37Signals Down – Looks Like Rackspace Is To Blame Again
by Michael Arrington on January 18, 2008

37Signals is having a bad morning, according to their current home page image above. They’re pointing fingers at their service provider, which was (and we believe still is) Rackspace. Last November they suffered a three hour outage along with other Rackspace customers.

Update: It’s back up, total outage was about 2 hours. Per the comments, 37Signals doesn’t seem super duper happy with Rackspace these days.

Advertisement

Comments rss icon

  • cool to know! I almost signed up for Rackspace hosting service…

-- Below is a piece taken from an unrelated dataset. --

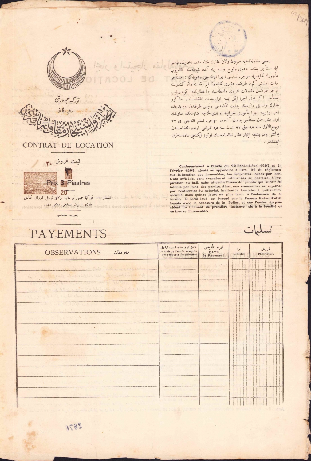 Osmanlıca kira kontratı, Kasımpaşa, 2 sayfa, 28x40 cm

  • Our service provider is indeed still Rackspace. And yes, we’re very disappointed in how this has been handled. They have a hardware replacement time guarantee that has long since been broken. We apologize deeply to all our customers for this outage. It comes way too soon off the Truck Drives Into Power Station event.

  • Once again web consulting companies like mine have to pause working, because we have no access to data.

  • If it is Rackspace, they’re in for big trouble. It’s understandable to have one freak outage, but two in close proximity – they’re in trouble if this is their fault.

  • 37 Signals is listed as a client of Tilted another web hosting provider.

  • Dead in the water here.
    Offline version of Basecamp anyone?

  • It’s predicted that there’s gonna be “the big dotcom [technical] crash of 2008″.. some early signs of it seem surfacing.. with frequent and lengthy downtimes of popular services (including twitter.. blogger.. joyent..)

  • Also I think it’s more 37 Signals fault than anything for not having a hot standby in their setup. When you are offering a service on the level of theirs it’s completely irresponsible to not have hot standbys of such a critical piece of equipment.

  • Stop the presses… 37 signals is down. Also Michael has resorted to pasting homepages on TechCrunch… It likely took all if 3 minutes to put this post together…

  • Ahem … i heard that rackspace has really bad uptime for the last months, i’m not gonna sign with them anymore … altho i was very tempted

  • All of my boxes are at Rackspace and we haven’t had any issues. A failed load balancer isn’t really indicative of Rackspace’s ‘uptime’.

  • I agree with Joshua, I run my website with two load balancers, one in stand-by mode, for this very reason. It is notthe service providers fault when a peice of hardware fails. Hmmmm, what kind of hardware was it?

  • rails to blame :)

  • All our products are now back. We’re working on getting all the blogs etc back online too. Again, we’re so sorry for this outage.

  • They’re up again.

  • Don, good point. Rackspace is only liable to a certain degree when a hardware failure occurs.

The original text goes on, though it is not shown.